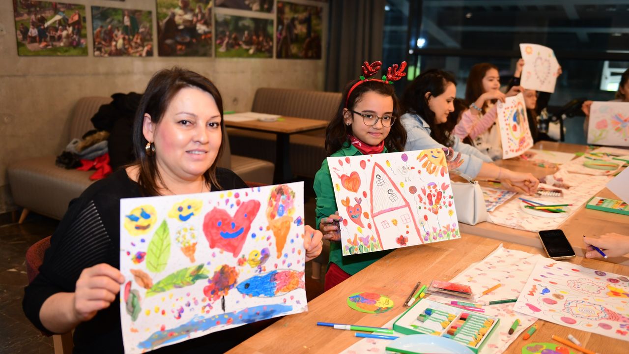 “Bu atölyemizde anneler ve çocukların dünyayı birbirlerinin gözünden nasıl algıladıklarını sanat yoluyla keşfetmelerini amaçlıyoruz. Serbest resim çalışmasıyla ortak bir üretim süreci oluşturuyoruz. Aynı resim, farklı bakış açılarıyla bambaşka anlamlar kazanabiliyor. Çocuğun bir bulut olarak çizdiği figür, annede bir hayvana; çocuğun bir üçgen olarak resmettiği şekil, annede bir dondurmaya dönüşebiliyor. Aslında dünyayı birbirinin gözlerinden nasıl keşfettiklerini görmek için bu çalışmayı yapıyoruz. Amacımız, anne ve çocukları ortak bir paydada buluşturarak birlikte anlamlı bir sanat eseri ortaya çıkarmak.”
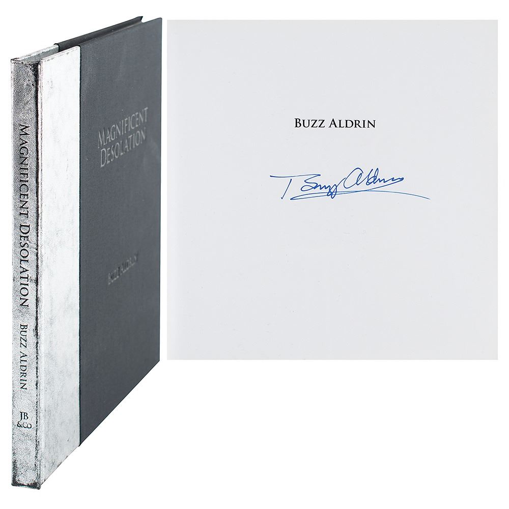 Signed book: Magnificent Desolation: Images from the Apollo 11 Lunar Mission with the Words of Astronaut Buzz Aldrin. First edition, limited issue, numbered 495/500. Reno, NV: Jack Bacon & Company, 2009. Hardcover, 8.25 x 8.25. Signed on the author's prefatory page in blue felt tip, "Buzz Aldrin." An extraordinary collection of more than 50 photographs from the historic Apollo 11 mission interspersed with the words of Aldrin, this volume was privately printed and differs from Aldrin's similarly titled autobiography. In fine condition, with rubbing to the spine. Accompanied by the publisher's certificate of authenticity.
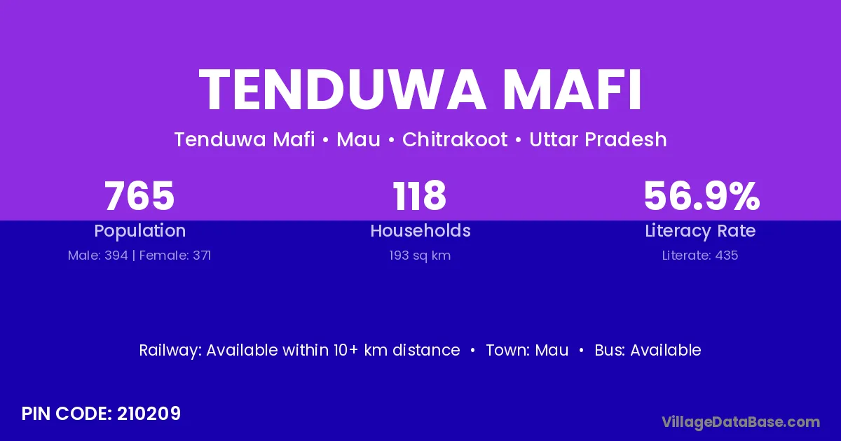 Tenduwa Mafi village has a total population of 765 people, of which 394 are males and 371 are females.

▸ **WHAT NEEDS TO BE DONE**
Output all lines above precisely. Pictures are to be left out.

▸ **TASK ANSWER**
 “Bu atölyemizde anneler ve çocukların dünyayı birbirlerinin gözünden nasıl algıladıklarını sanat yoluyla keşfetmelerini amaçlıyoruz. Serbest resim çalışmasıyla ortak bir üretim süreci oluşturuyoruz. Aynı resim, farklı bakış açılarıyla bambaşka anlamlar kazanabiliyor. Çocuğun bir bulut olarak çizdiği figür, annede bir hayvana; çocuğun bir üçgen olarak resmettiği şekil, annede bir dondurmaya dönüşebiliyor. Aslında dünyayı birbirinin gözlerinden nasıl keşfettiklerini görmek için bu çalışmayı yapıyoruz. Amacımız, anne ve çocukları ortak bir paydada buluşturarak birlikte anlamlı bir sanat eseri ortaya çıkarmak.”
 Signed book: Magnificent Desolation: Images from the Apollo 11 Lunar Mission with the Words of Astronaut Buzz Aldrin. First edition, limited issue, numbered 495/500. Reno, NV: Jack Bacon & Company, 2009. Hardcover, 8.25 x 8.25. Signed on the author's prefatory page in blue felt tip, "Buzz Aldrin." An extraordinary collection of more than 50 photographs from the historic Apollo 11 mission interspersed with the words of Aldrin, this volume was privately printed and differs from Aldrin's similarly titled autobiography. In fine condition, with rubbing to the spine. Accompanied by the publisher's certificate of authenticity.
 Tenduwa Mafi village has a total population of 765 people, of which 394 are males and 371 are females.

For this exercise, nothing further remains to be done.